Personal information
- Born: March 15, 1994 (age 32) Lakewood, California, U.S.
- Listed height: 6 ft 2 in (1.88 m)
- Listed weight: 218 lb (99 kg)

Career information
- High school: Lakewood
- College: California
- NFL draft: 2016: undrafted

Career history
- New York Giants (2016–2017);

Career NFL statistics
- Receptions: 2
- Receiving yards: 13
- Receiving touchdowns: 0
- Stats at Pro Football Reference

= Darius Powe =

American football player (born 1994)

Darius Powe (born March 15, 1994) is an American former professional football player who was a wide receiver in the National Football League (NFL). He played college football for the California Golden Bears.

==Professional career==
Powe signed with the New York Giants as an undrafted free agent on May 6, 2016.
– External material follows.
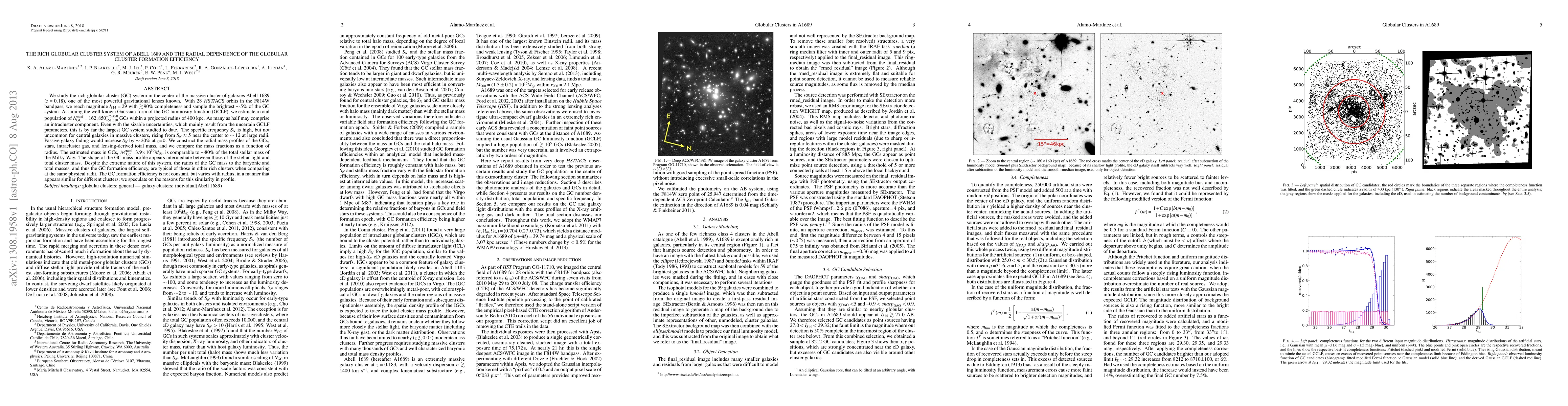 This study reveals a rich globular cluster system in Abell 1689, with over 162,000 clusters estimated to exist within its central region. The GC formation efficiency varies with radius, but is comparable to that of other rich clusters, suggesting a universal pattern.

He was waived by the Giants on September 3, 2016 and was signed to the practice squad the next day.

After spending his entire rookie season on the practice squad, Powe signed a future contract with the Giants on January 9, 2017.
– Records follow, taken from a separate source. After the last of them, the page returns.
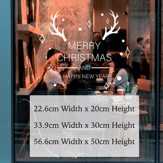 Christmas Shop Window Display Antlers Merry Christmas and Happy New Year Christmas Sparkles Santa, Christmas Home Decor, Seasonal Sticker
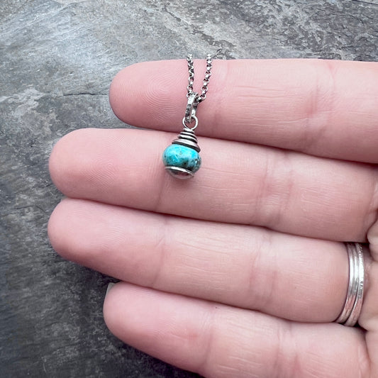 Genuine Turquoise Sterling Silver Necklace | Natural Stone Pendant on Lightweight Chain
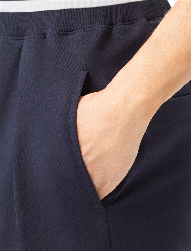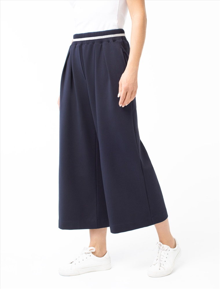 Состав: 95%Хлопок 5%ПУ Свободные брюки прямого силуэта выполнены из эластичного футера двухнитки. Длина изделия до щиколотки. В боковых швах расположены карманы. Внутренняя часть кармана из тонкого хлопка в тон полотна. Модель дополнена эластичным поясом, с контрастной полосой и золотистым логотипом бренда. Сочетается в костюме с джемпером D49.083 и D49.086. Правила ухода: использовать жидкое моющее средство (гель для стирки), добавлять к нему кислородный пятновыводитель для цветных вещей, и салфетки (защита от окрашивания). Стирка при 30 градусах, отжим на максимальных оборотах.

On August 23, 2017, Powe was waived/injured by the Giants and placed on injured reserve. He was released on August 29, 2017. He was re-signed to the Giants' practice squad on October 9, 2017.

He was promoted to the active roster on December 6, 2017. He made his NFL debut the following week, recording two catches for 13 yards before suffering a broken foot. He was placed on injured reserve on December 11, 2017.

He was waived by the Giants on April 23, 2018 after the acquisition punter Riley Dixon.